I have no real point of reference here, other than what few specs are provided for each product. But I'm curious about actual performance and/or any benefit of one cable over the other:
The standard cable that comes with the Mangird Tea IEMs [8-core OCC]
Drop's 2-Pin IEM premium cable [premium 0.3 ohm braided copper]

I purchased the Mangird Tea IEMs first, and to me it looked like it came with a pretty decent cable. Much beefier than any of the other (cheap-o) IEMs that I have used before, even bulkier (with more braids) than what came with my Auclair custom IEMs.
But as I skimmed through some commentary here and there, I was reading that the Mangird cable was 'crap,' or that it was 'cheap and should be replaced.' So with that I decided that I would try the first step with an affordable upgrade to the Drop premium copper cable. Now that I have received the Drop cable, it would appear to me that the Mangird cable is still more substantial, but I have no idea about how to judge the comparison of materials, which I'm sure is what makes ALL the difference.
So my question is:
Can anyone provide more information about what the specs mean
or how they would compare performance wise?
When I first swapped the cables I thought that I was actually a little less high end through the Drop cable, but it's tough to compare with my untrained ears, and no equipment.

Aug 14, 2021
I own the Mangird Tea as well as many other IEM's. Some things that I've learned over the years:
  1. When you get a new IEM, live with the stock cable for a while. Trust that the product was tuned with the cable supplied.

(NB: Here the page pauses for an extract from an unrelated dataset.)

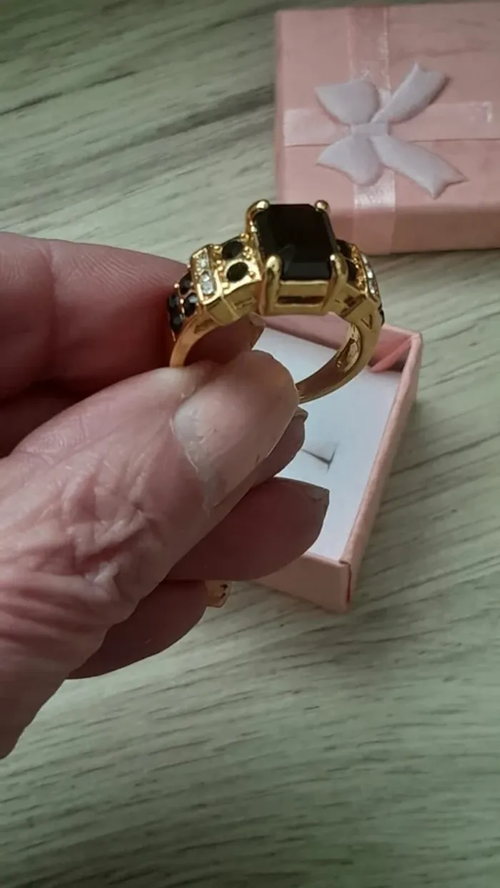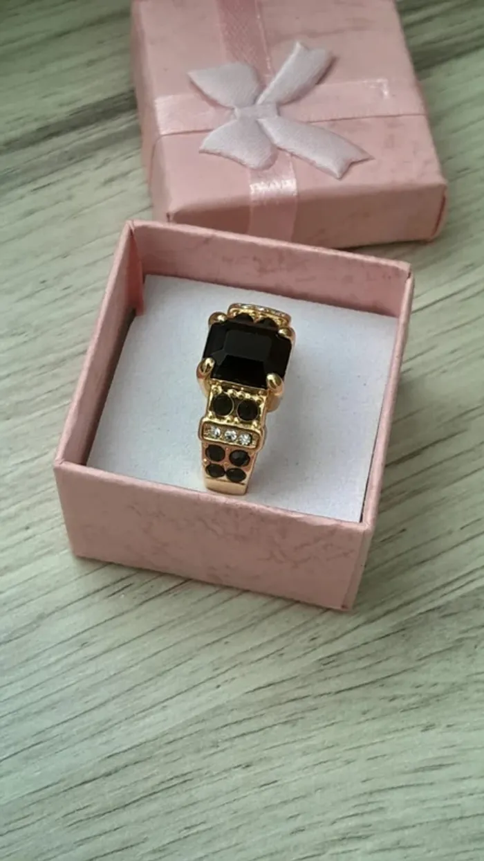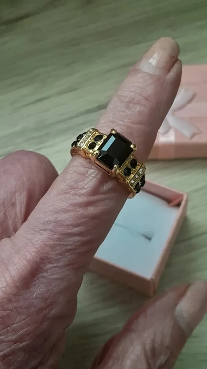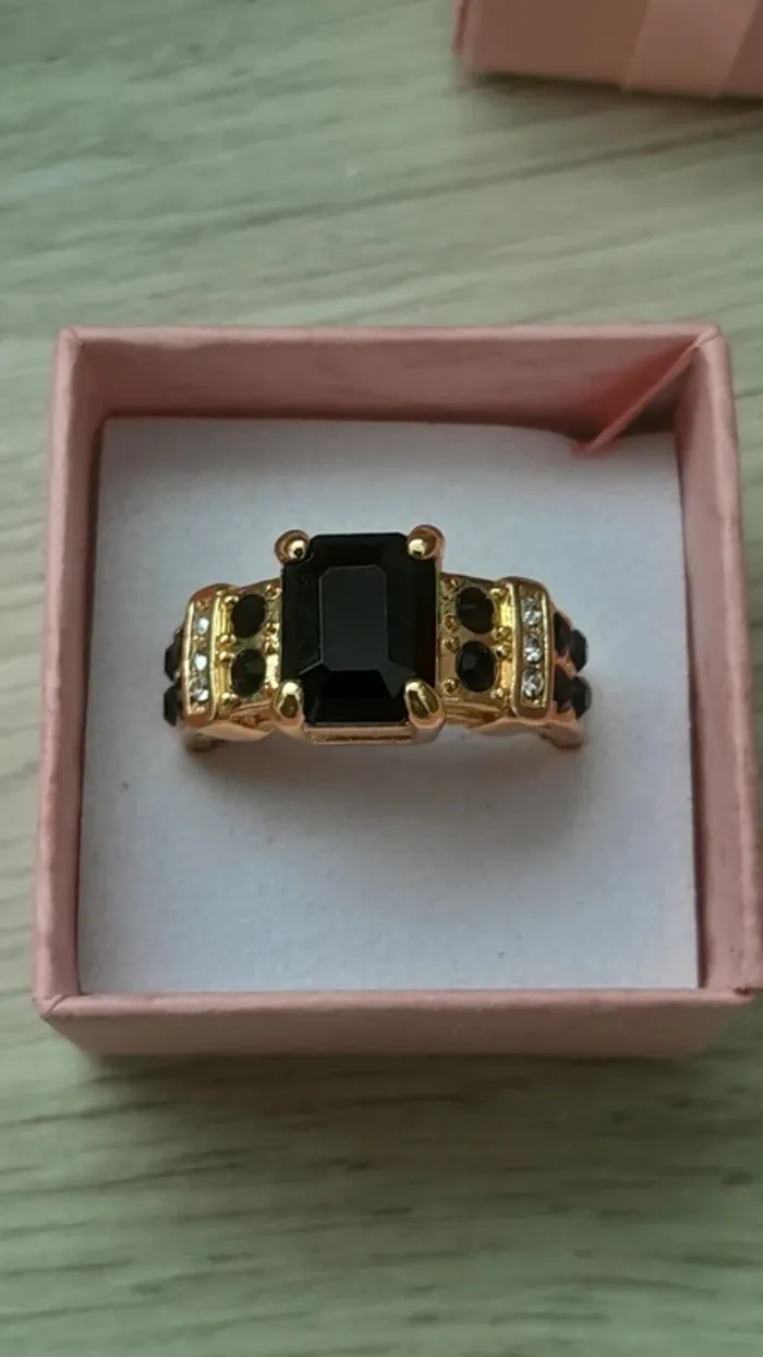 Bague dorée, avec pierres noires et strass, taille 60 - photo numéro 1

  2. I generally prefer a single crystal, pure copper cable as they tend to offer a warmer presentation that a lot of IEM's benefit from. This is not the case with the Mangird Tea as it's already on the warm side of neutral. It works better with a silver or silver coated copper wire which gives more energy to the treble. The stock cable is going to work better than the Drop cable & you got exactly the result I would've expected!
  3. There is no consistent correlation between price & cable quality.

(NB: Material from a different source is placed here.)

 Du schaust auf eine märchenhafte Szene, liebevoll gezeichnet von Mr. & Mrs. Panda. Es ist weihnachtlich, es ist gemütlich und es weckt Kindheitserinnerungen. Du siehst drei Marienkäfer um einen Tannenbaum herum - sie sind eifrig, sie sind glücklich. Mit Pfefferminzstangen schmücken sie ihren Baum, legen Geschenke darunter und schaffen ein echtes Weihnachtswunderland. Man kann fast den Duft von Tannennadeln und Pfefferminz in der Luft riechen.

So my recommendation would be to leave the stock cable on the Mangird Tea alone. The only issue I have with it is from a comfort level as it doesn't wrap comfortably over my ears. It is not a crap cable & performs admirably.

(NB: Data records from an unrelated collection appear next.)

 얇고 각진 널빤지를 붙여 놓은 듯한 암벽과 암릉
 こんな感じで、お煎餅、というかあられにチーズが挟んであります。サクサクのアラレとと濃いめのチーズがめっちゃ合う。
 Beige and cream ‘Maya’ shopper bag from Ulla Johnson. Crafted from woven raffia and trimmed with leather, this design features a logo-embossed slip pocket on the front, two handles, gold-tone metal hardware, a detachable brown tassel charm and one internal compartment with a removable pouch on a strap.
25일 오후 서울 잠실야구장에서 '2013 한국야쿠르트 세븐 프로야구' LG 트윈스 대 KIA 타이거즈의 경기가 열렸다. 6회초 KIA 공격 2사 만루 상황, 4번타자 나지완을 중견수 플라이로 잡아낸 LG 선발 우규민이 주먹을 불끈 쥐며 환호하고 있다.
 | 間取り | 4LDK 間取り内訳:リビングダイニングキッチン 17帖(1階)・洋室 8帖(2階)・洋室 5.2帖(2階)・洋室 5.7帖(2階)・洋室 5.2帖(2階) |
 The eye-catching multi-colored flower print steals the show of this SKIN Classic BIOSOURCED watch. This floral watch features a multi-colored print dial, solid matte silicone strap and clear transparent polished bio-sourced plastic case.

MaverickAHYes! Short version: I agree with MaverickAH, and often third party cables come down to side grades or downgrades, and only rarely are upgrades (unless you’re looking for something specific and willing to spend for it). A cable is a “subtractive” feature… they don’t enhance a headphone, mostly there’s the pure response of the driver + voice coils (like on an engineer’s test bench, where you can’t really use a headphone), and then how much of that you lose by adding an extension (the headphone cable). EMI Shielding, geometry of how the wire strands are arranged, capacitance, inductance, and resistance. I’m still learning, but from what I’ve read, reducing inductance increases capacitance, and vice versa, so ideally you would want those two factors to be equaled out, so lowering resistance becomes the key to preserving the signal waveform. Shielding prevents interference, and geometry has an effect that I still have yet to learn (but hey, it sure looks pretty, right?). Higher consumer cost isn’t a guarantee of quality (many factors go into the final cost of a product, not just sound quality), but often a cable won’t be an upgrade over stock unless it’s cost have been substantially “upgraded” over a replacement stock cable. I agree with Maverick… the engineers who work on the acoustic and electrical systems usually take careful consideration to balance cost, ergonomics (flexibility, weight, touch), durability/longevity, and signal preservation into account when they design their package. A fat cable may have really good acoustic properties, but nobody wants a $700 cable for a $100 in-ear. A copper wire hangar (who has hangars made of nice copper??) would be very thick gauge, but unshielded and way too stiff and heavy to use comfortably with any headphones.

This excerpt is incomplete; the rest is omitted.